Lol. I love using my right hand for OH. 

Funny, I just saw these videos a day or two ago.


----------



## joey (Dec 7, 2009)

Stachuk1992 said:


> Funny, I just saw these videos a day or two ago.


Sorry if we cannot deliver new content..


----------



## reghrhre (Dec 8, 2009)

I've actually been trying to do it right handed.Since I'm left handed this should be useful thanks!


----------



## Anthony (Dec 8, 2009)

Right hand ftw.
After watching this video I've decided I should start using my pinky for all L moves. I might suck for a while, but it's the long run that counts. Right?


----------



## arckuss123 (Dec 8, 2009)

Nice


----------



## Weston (Dec 8, 2009)

Anthony said:


> Right hand ftw.
> After watching this video I've decided I should start using my pinky for all L moves. I might suck for a while, but it's the long run that counts. Right?

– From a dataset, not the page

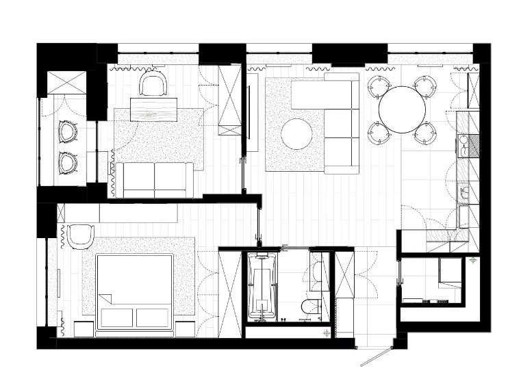 Владельцами этой квартиры стала молодая семейная пара. После приобретения нового жилья, они обратились за дизайн-проектом в студию Екатерины Третьяковой. Главное пожелание заказчиков: функциональное пространство с большим количеством скрытых мест хранения, лаконичный интерьер в спокойной природной цветовой гамме. После согласования планировочного решения и выбора оттенков для оформления интерьера, был выполнен капитальный ремонт с перепланировкой. План квартиры после ремонта и установки мебели. Изначально это была 2-комн. квартира со просторными изолированными комнатами, где на потолке в центре гостиной была несущая балка. В процессе перепланировки, кухню объеденили с гостиной, при этом немного уменьшили площадь последней комнаты. Но за счет этого решения - во-первых организовали отдельный кабинет, во-вторых балка осталась со стороны кабинета, где как ее продолжение установили встроенную мебель и покрасили в тот же цвет. Кухня-гостиная Для основного фона выбрали нейтральный оттенок се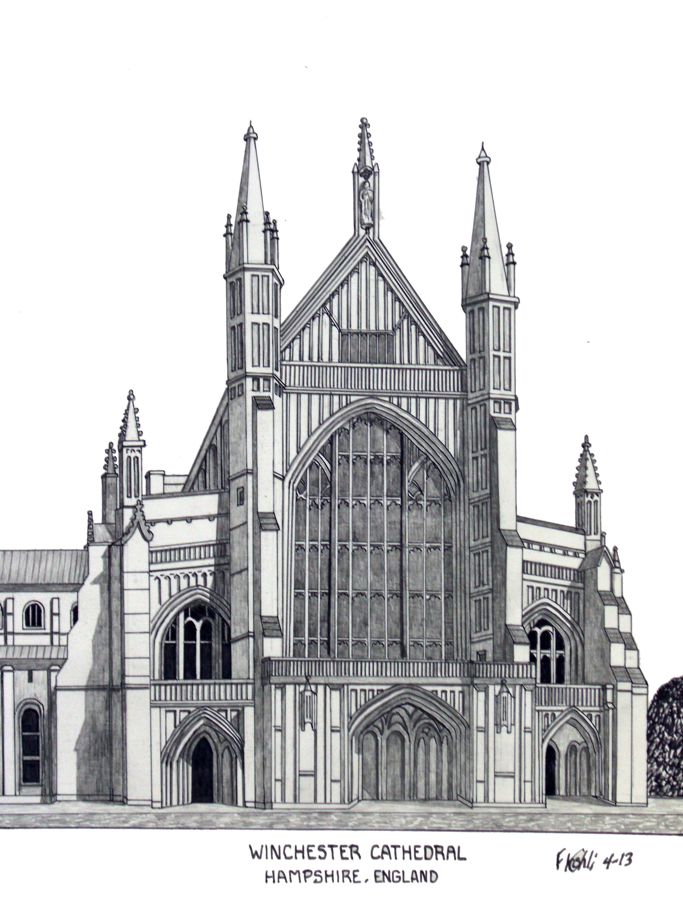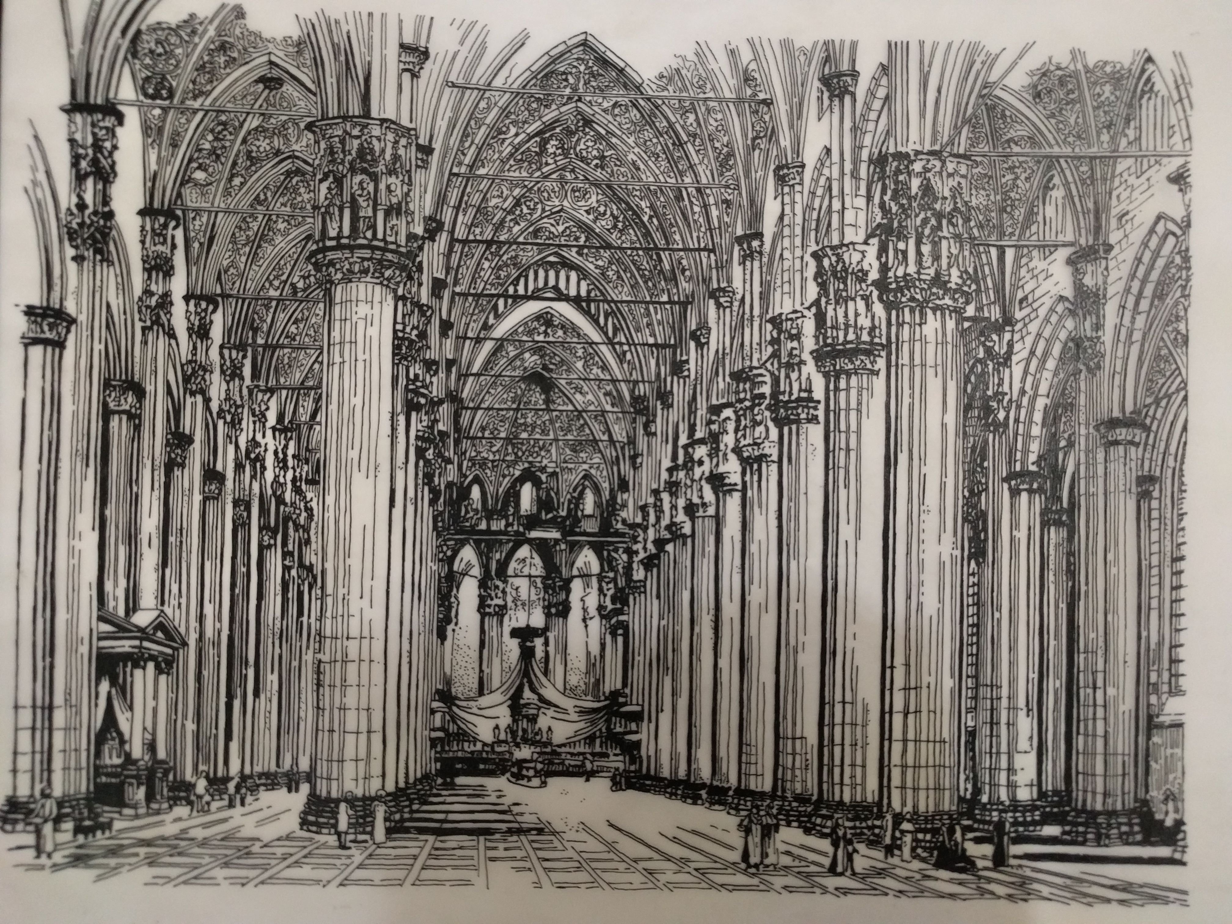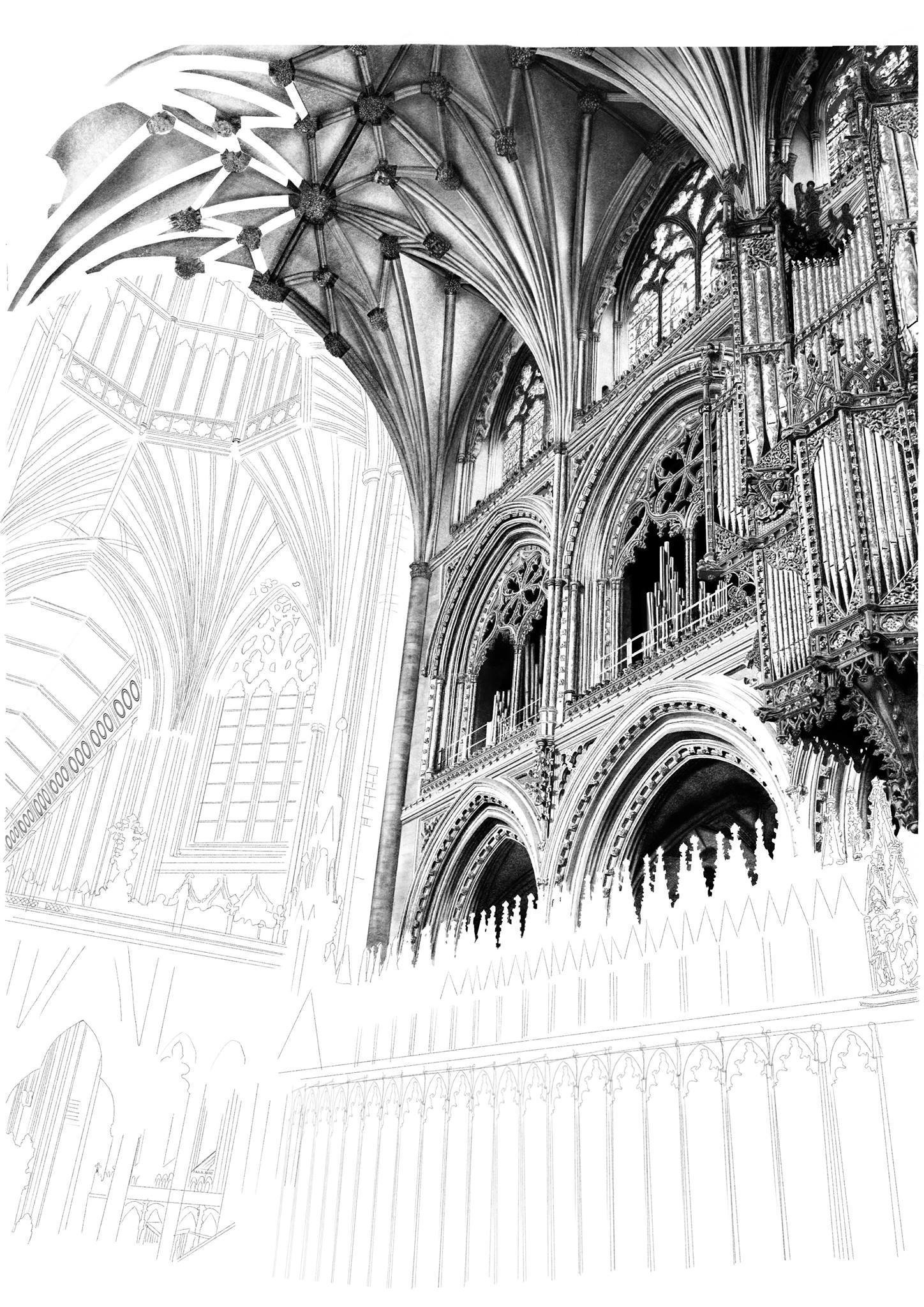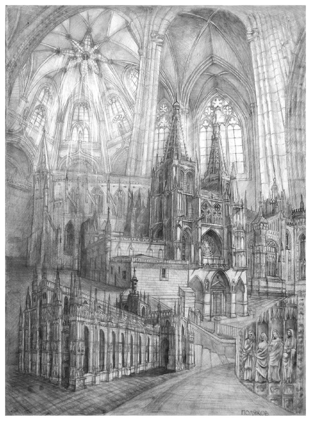 Готический собор карандашом

In the long run, no matter how much you try, we will always be tied.


----------



## SittinonSukhaya (Dec 8, 2009)

rowehessler said:


> hey turbo, can you post some videos for the really crappy OH PLLs?



*ok, but during the end of this month though, I am going to have IB finals next week:fp*


----------



## rowehessler (Dec 8, 2009)

SittinonSukhaya said:


> rowehessler said:
> 
> 
> > hey turbo, can you post some videos for the really crappy OH PLLs?
> ...


lol good luck. take your time.


----------



## vuaquyen92 (Dec 9, 2009)

Nice videos, I'm waiting for the rest of those PLLs. I really hate to translate left handed OH videos
BTW what cube do you use? I can't turn that fast with my cube (A1)


----------



## Lofty (Dec 9, 2009)

vuaquyen92 said:


> Nice videos, I'm waiting for the rest of those PLLs. I really hate to translate left handed OH videos
> BTW what cube do you use? I can't turn that fast with my cube (A1)



Haha, no one can turn that fast on any cube! Turbo is the fastest turner I know of! 
Don't blame your cube Turbo is just good.


----------



## Cyrus C. (Dec 9, 2009)

Heh heh, it's funny about the eww right hand thing, because in my school people are saying eww to the left hand because of middle eastern culture.


----------